Image from: https://sanjaykthakur.com/2018/12/05/the-very-basics-of-bayesian-neural-networks/
2. Detecting out of distribution (OOD) samples
Instead of using Bayesian models, we could also try and detect when a sample shown to our neural network falls outside of the data distribution seen at training time. During inference time, for any given input, we would use a scoring function that quantifies the probability of that input being an OOD sample. This can be done by either using postprocessing techniques (DeVries & Taylor, 2018) or by integrating generative models, such as GANs, into the prediction pipeline (Lee et al., 2018). While post-hoc OOD detection does not interfere with our trained models, it is also not a perfect solution to the problem. As we have seen before, neural networks can produce overconfidently wrong predictions even for in-distribution images and with this approach, those cases would not be caught.

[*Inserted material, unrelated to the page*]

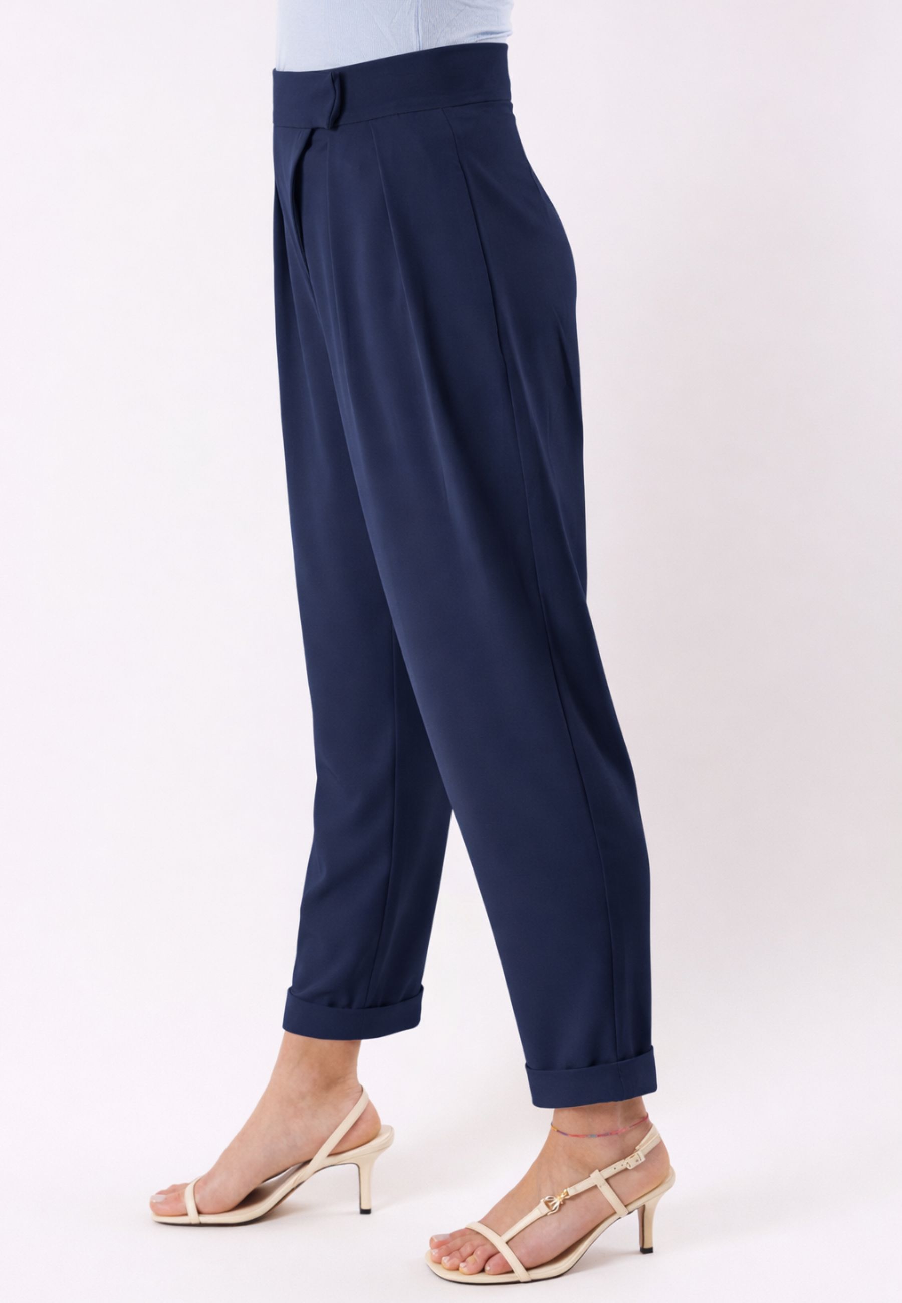 Il modello è caratterizzato da pannelli frontali con pieghe morbide, un dettaglio sartoriale che conferisce volume nella parte superiore e un effetto raffinato e contemporaneo. La linea è leggermente affusolata verso il fondo, creando un equilibrio perfetto tra comfort e stile. La vita liscia rende questi pantaloni ideali da abbinare a top aderenti, camicie o bluse, per look casual chic o più formali.

3. Quantifying model uncertainty
Ok, so what if instead of detecting OOD samples, we just focus on quantifying prediction certainty? For every input, we could generate a score that tells us how confident the model is. This way both the OOD samples and the difficult in-distribution samples should receive a low score. One of the techniques that could be used here is conformal prediction (Angelopoulos and Bates, 2022). With a given input, conformal prediction estimates a set of classes that are guaranteed to include a true label with a high probability value (where the value, for example 95%, is specified by the user), as in the image below. And unlike BNNs, this approach does not require us to change our model’s implementation or architecture. The estimated prediction set can include a single class, which indicates that our model is pretty sure of its output. It can also include each of the possible classes, which indicates that our model is not very certain. In an extreme scenario, the estimated set can even be empty, meaning that our model is genuinely unsure of what to do.
Image from: https://mindfulmodeler.substack.com
4. Learning to reject
Last, but not least, we could perhaps teach our neural network to simply say, “I don’t know”, and defer the task to a human expert (Hasan et al., 2023). The subfield in machine learning that deals with incorporating this capability is known as prediction with a reject option (or selective prediction). Here, before even learning the prediction function, we would pass each input through a rejection function that will tell us if it is even worth trying to make a prediction in this case. The use of the reject option ensures that the model refrains from making any decisions in cases of uncertainty and instead hands the task back to a human expert. It all sounds easy enough on paper, but designing an effective rejection function is a pretty challenging task.
In summary, hope is not lost – one day we may be able to tell just how trustworthy our neural nets are. But until then, we need to remember that just like Uncle Bob, neural networks are not omniscient and that, although they appear very confident, sometimes they simply do not know what they are talking about.